Restart the Fedora server.
When invoking the Fedora Admin Client, remember to specify the new host name and/or port number when invoking the client. e.g., fedora-admin hostname port fedora-username fedora-password.
There are some minor backward compatibility issues related to the host/port changes in Fedora 1.1.1. Please note that if you have an existing Fedora 1.0 server and want to upgrade to version 1.1.1 of the software, but leave your existing objects as they were ingested under the Fedora 1.0 server (i.e., choose not to purge and then re-ingest the objects), this is possible with the following caveats. Any demo objects ingested under Fedora 1.0 will have the host and port of localhost and 8080 embedded in the demo objects as well as any user-defined objects created using Fedora 1.0 that reference the default host and port of the Fedora 1.0 server. Provided the host and port do not change for the Fedora server, these objects will continue to function correctly under the Fedora 1.1.1 server. However, if the host and/or port changes in the future, these pre-existing objects will no longer function correctly. The only way to fix them after a host/port change is to purge and then re-ingest the objects.

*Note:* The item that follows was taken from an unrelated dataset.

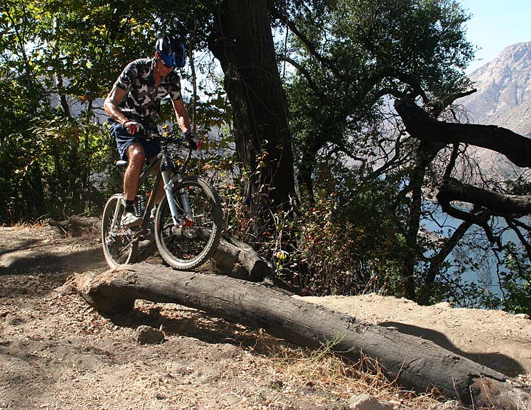 The further up the climb you go the better the views get as you can see more and more of El Capitain Reservoir. Once up to the top you will come to a large dirt area. This is known as Four Corners. The USFS has decomissoned/removed a section of Anderson Truck Truck from this point east to the boundary of the the Capitian Grande Indian Reservation. You can see the the old truck trail bed and the gate from Four Courners. There are several technical side trip singletracks to check out from here. Off to the left there is a trail named Sidewinder and Finding Neo that are mucho fun. Off the right there are "No Name" and Spicolli 1.1 that loops back to the main trail a little bit down the hill. A trail heads south from four corners as well that leads to the Spicolli 2 and 3 trails.

While the server is running, it writes logs to FEDORA_HOME/server/logs. These are timestamped files, written in a simple XML format. You can use these logs to get more extensive information about what the server is doing or to diagnose problems.
If you've just got your Fedora server up and running, it's a good idea to check out the demonstration objects to get an idea of how Fedora works. See the Demo Manual for complete descriptions of the demos.
The demos may be ingested via the Fedora Admin GUI tool or from the command line. If you ingest the from the Admin GUI, you must be sure to ingest bdef objects first, then bmech objects, then regular objects.
To access the Admin GUI use the command:
fedora-admin [hostname] [port] [username] [password]
To ingest the demos from the command line (recommended), use the command:
fedora-ingest-demos [hostname] [port] [username] [password]
Please note that the demo objects must be ingested before they can be discovered using the default search interface.